Integrated control layer 218 is shown to be logically below demand response layer 214. Integrated control layer 218 can be configured to enhance the effectiveness of demand response layer 214 by enabling building subsystems 228 and their respective control loops to be controlled in coordination with demand response layer 214. This configuration can reduce disruptive demand response behavior relative to conventional systems. For example, integrated control layer 218 can be configured to assure that a demand response-driven upward adjustment to the setpoint for chilled water temperature (or another component that directly or indirectly affects temperature) does not result in an increase in fan energy (or other energy used to cool a space) that would result in greater total building energy use than was saved at the chiller.

Integrated control layer 218 can be configured to provide feedback to demand response layer 214 so that demand response layer 214 checks that constraints (e.g., temperature, lighting levels, etc.) are properly maintained even while demanded load shedding is in progress. The constraints can also include setpoint or sensed boundaries relating to safety, equipment operating limits and performance, comfort, fire codes, electrical codes, energy codes, and the like. Integrated control layer 218 is also logically below fault detection and diagnostics layer 216 and automated measurement and validation layer 212. Integrated control layer 218 can be configured to provide calculated inputs (e.g., aggregations) to these higher levels based on outputs from more than one building subsystem.

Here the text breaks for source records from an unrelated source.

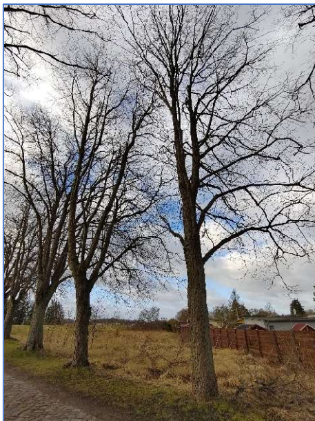
Abb. 3 Bäume im Bereich der geplanten Zufahrt

Eine erneute Begehung der Vorhabenfläche erfolgte am 23.02.2022. Der Gehölzbestand wurde auf das Vorkommen geschützter Tierarten bzw. auf Vorkommen von geschützten Lebensstätten untersucht (Brutplätze, Fledermausquartiere, Lebensstätten von xylobionten Käfern etc.). An Hand der Biotopausstattung und der Ortslage wurde des Weiteren das mögliche Vorkommen und das Gefährdungspotential geschützter oder gefährdeter Tier- und Pflanzenarten beurteilt (artenschutzrechtliche Potenzialabschätzung). Zudem wurden weitere Bestandsdaten recherchiert, z. B. Umweltkartenportals des Landes M-V und Verbreitungsatlas der Amphibien und Reptilien Deutschlands.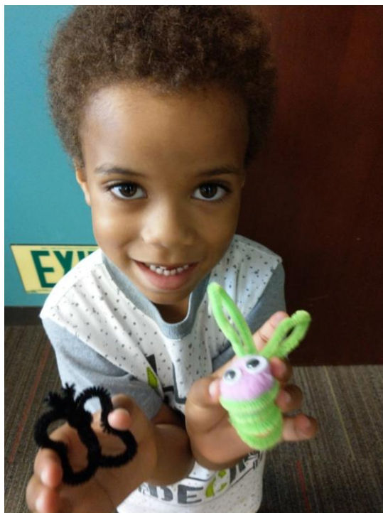
左圖，孩子與紙袋偶成品。/右圖，孩子與毛根手指偶成品。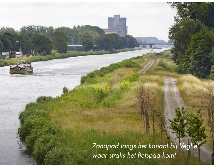
Zandpad langs het kanaal bij Veghel waar straks het fietspad komt

Voor iedereen die van fietsen houdt of die met de fiets naar school of het werk moet, zal het nieuwe fietspad tussen 's-Hertogenbosch en Veghel een fijne verbetering zijn. Het fietspad is in oktober 2015 al klaar. Bij de Runweg in Berlicum komt ook nog een fietsbrug over het kanaal. Maar die wordt pas in 2016 aangelegd.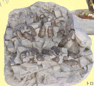
トロオドン生体復元模型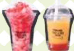
「いちごとオレンジ」¥400をはじめとするドリンクのほか、夏季には凍らせた果肉を削った「けずりいちご」¥700が登場。

☎公式HPまたはInstagramより問い合わせ ● 関市倉知字砂田2351-1 ● イチゴ狩り9:30~15:30(12月中旬~5月中旬予定)、キッチンカー 10:00~15:00 ● 不定休※イチゴ狩りは公式HPより要予約(当日予約可) ● 東海北陸自動車道関ICより車で5分 ● 14台 ● https://yamahei-noujyou.jimdofree.com/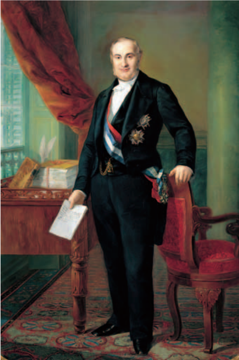
Obra de Bernardo López Piquer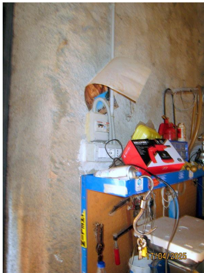
Foto n. 19. Il quadretto elettrico di derivazione dal contatore Enel.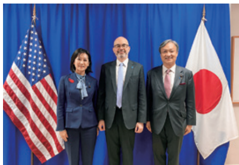
2021年10月米国大使館 レイモンド・グリーン臨時大使を訪問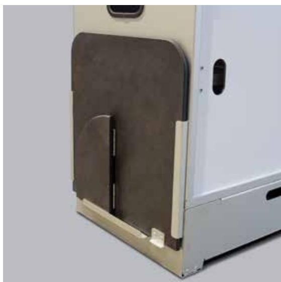
Pilt 17. Külglaud taskus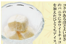
アイス de バニラ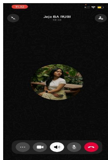
Wawancara dengan Jenry Ambassador RUBI Community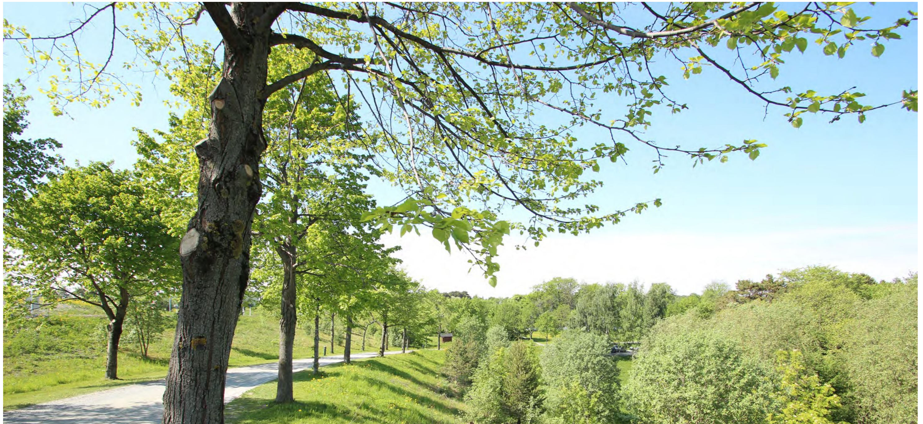
Statoil sett fra alléen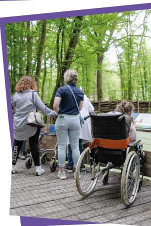
**sur présentation de la Carte Mobilité Inclusion

Nous proposons par ailleurs un tarif réduit pour les personnes en situation de handicap** (PSH), afin de favoriser l'accès de toutes et tous à nos sorties : l'accessibilité est une des valeurs phares du Parc. Notre guide a suivi une formation dédiée, dispensée par APF France Handicap. La richesse du territoire doit pouvoir être appréciée par le plus grand nombre sans barrière liée à la condition physique !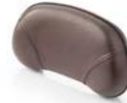
ALMOHADILLA DEL RESPALDO DE LUJO MARRÓN A9750768 MARRÓN A9750773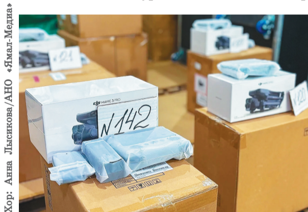
Хор: Анна Лыскова/АНО «Ямал-Медиа»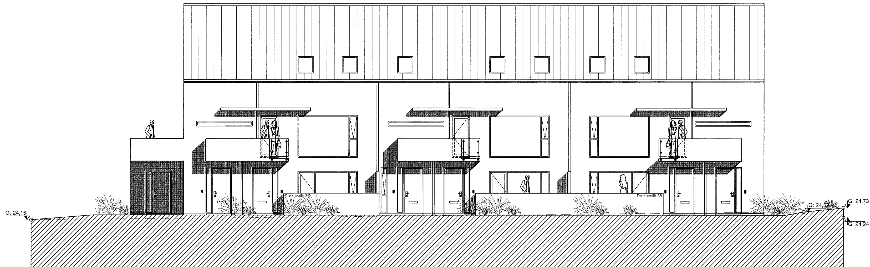
ÚTLIT TIL SUÐURS

Sambýkt þann 08/OCT/2008 Byggingarfræðingur / Hafnarfirði Efn. Jón Sigurðsson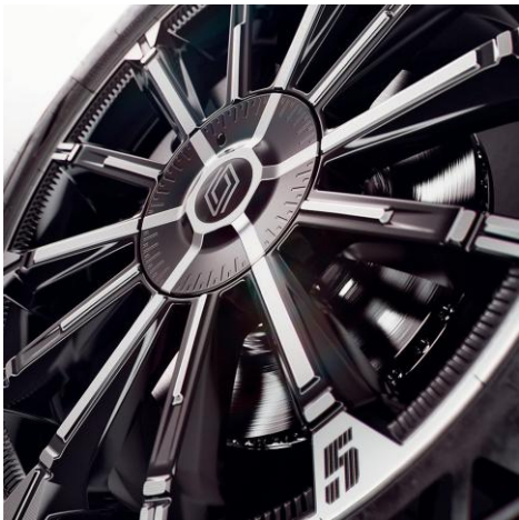
45-cm (18") platišča iz lahke litine Chrono z diamantnim leskom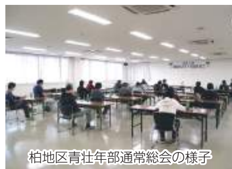
柏地区青壮年部通常総会の様子

総会では、役員改選承認を含む3議案が承認され、以下の皆さんが新本部役員に選任されました。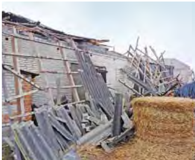
Wichura całkowicie zniszczyła budynek gospodarczy państwa Filińskich z Sejkowic. Pod gruzami zginęło 5 cielaków.

Szukając gospodarstwa państwa Filińskich, znaleźliśmy drugi dom w Sejkowicach z zerwanym dachem, w którym mieszkają państwo Gralak i Bahraj. Ale oni nie wzywali straży,

Automated measurement and validation (AM&V) layer 212 can be configured to verify that control strategies commanded by integrated control layer 218 or demand response layer 214 are working properly (e.g., using data aggregated by AM&V layer 212, integrated control layer 218, building subsystem integration layer 220, FDD layer 216, or otherwise). The calculations made by AM&V layer 212 can be based on building system energy models and/or equipment models for individual BAS devices or subsystems. For example, AM&V layer 212 can compare a model-predicted output with an actual output from building subsystems 228 to determine an accuracy of the model.

Fault detection and diagnostics (FDD) layer 216 can be configured to provide on-going fault detection for building subsystems 228, building subsystem devices (i.e., building equipment), and control algorithms used by demand response layer 214 and integrated control layer 218. FDD layer 216 can receive data inputs from integrated control layer 218, directly from one or more building subsystems or devices, or from another data source. FDD layer 216 can automatically diagnose and respond to detected faults. The responses to detected or diagnosed faults can include providing an alarm message to a user, a maintenance scheduling system, or a control algorithm configured to attempt to repair the fault or to work-around the fault.

FDD layer 216 can be configured to output a specific identification of the faulty component or cause of the fault (e.g., loose damper linkage) using detailed subsystem inputs available at building subsystem integration layer 220. In other exemplary embodiments, FDD layer 216 is configured to provide “fault” events to integrated control layer 218 which executes control strategies and policies in response to the received fault events. According to an exemplary embodiment, FDD layer 216 (or a policy executed by an integrated control engine or business rules engine) can shut-down systems or direct control activities around faulty devices or systems to reduce energy waste, extend equipment life, or assure proper control response.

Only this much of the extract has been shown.